* [Problem description]:
Copy the final lines exactly, starting at the one that contains "This soft beige" and ending with the last line of the listing below. Pictures are not part of the copy.

* [Available data]:
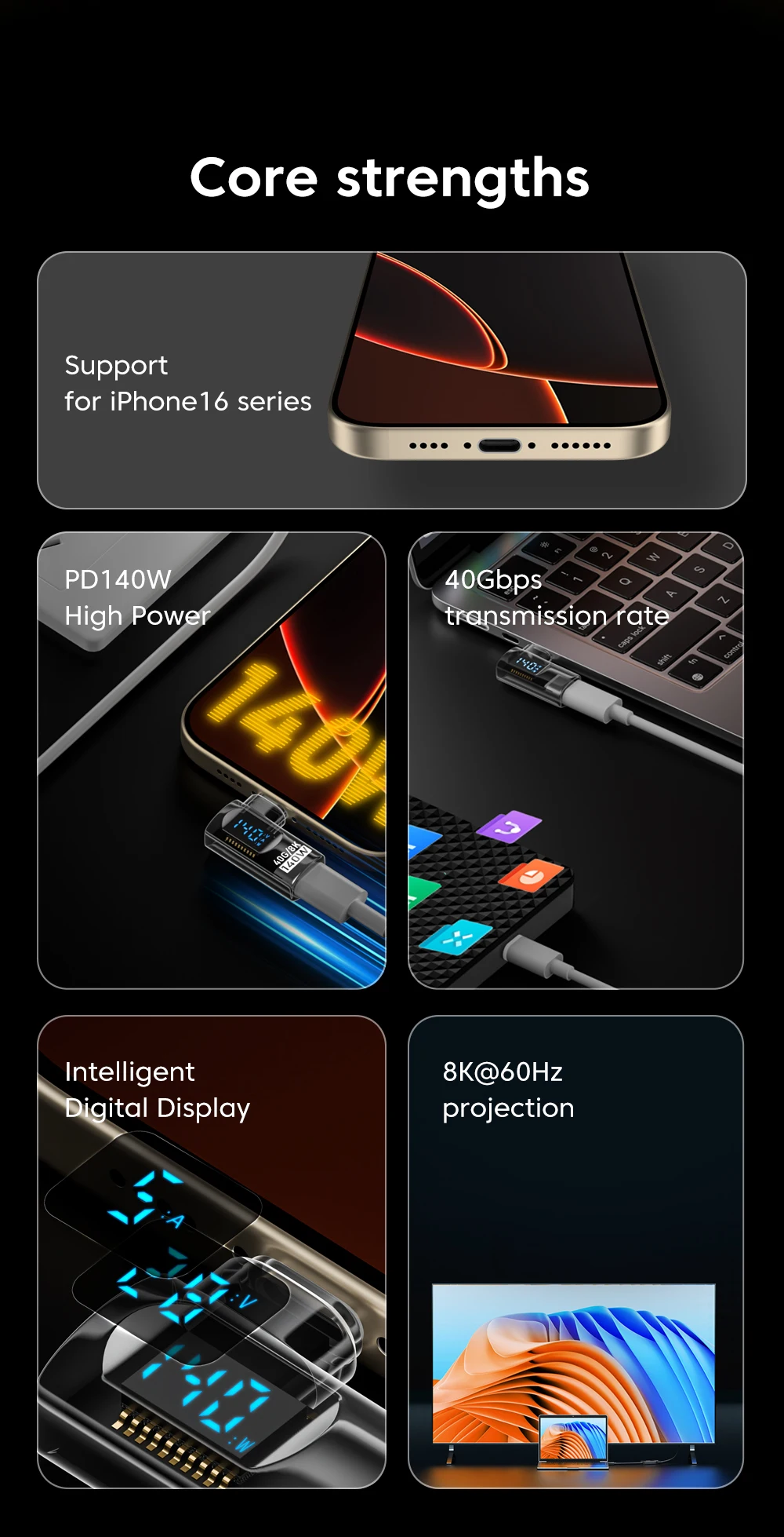 4.Función: datos de 40 Gbps + carga de 140 W
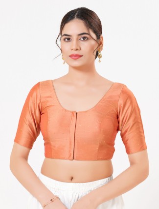 This soft beige tafeta silk blouse exudes calm charm with delicate zari accents. Designed with a round neck and front-open silhouette, it pairs comfort with elegance. Elbow sleeves add subtle poise, making it perfect for sarees in vibrant or pastel tones during festive occasions.
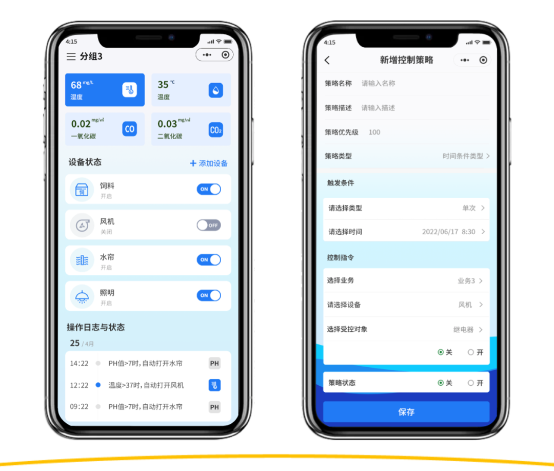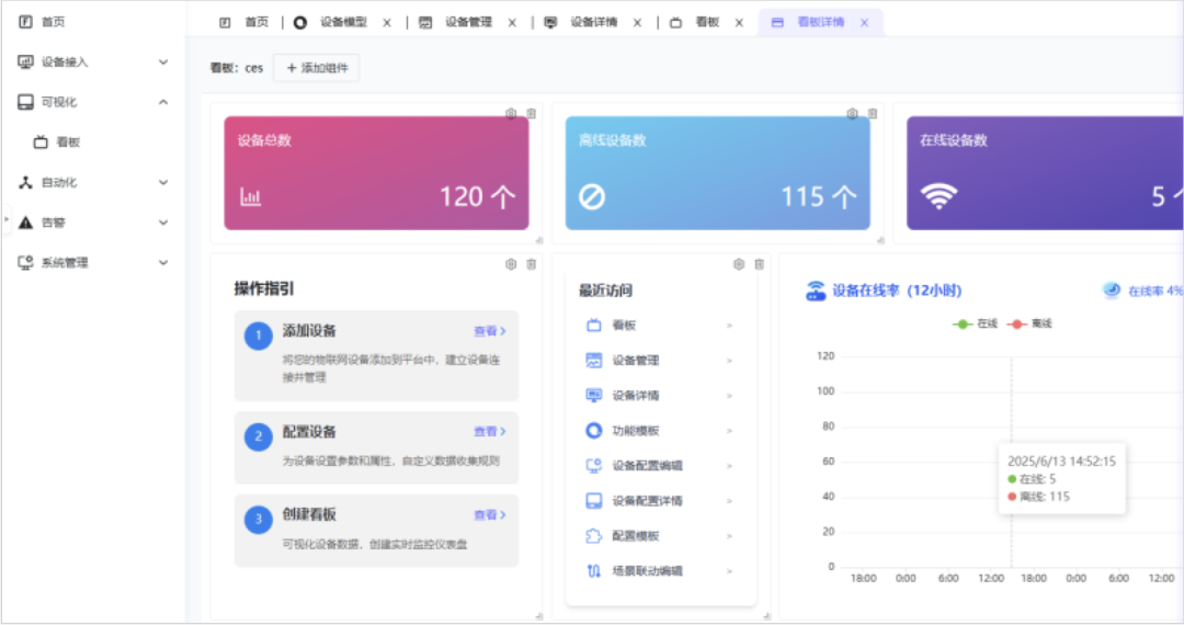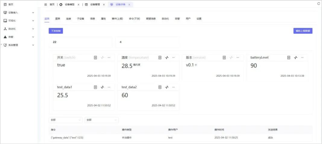 自动化:IFTTT模式,包括时间与设备两种触发模式,自动化告警和自动化控制。

* [Solved problem]:
 This soft beige tafeta silk blouse exudes calm charm with delicate zari accents. Designed with a round neck and front-open silhouette, it pairs comfort with elegance. Elbow sleeves add subtle poise, making it perfect for sarees in vibrant or pastel tones during festive occasions.
 自动化:IFTTT模式,包括时间与设备两种触发模式,自动化告警和自动化控制。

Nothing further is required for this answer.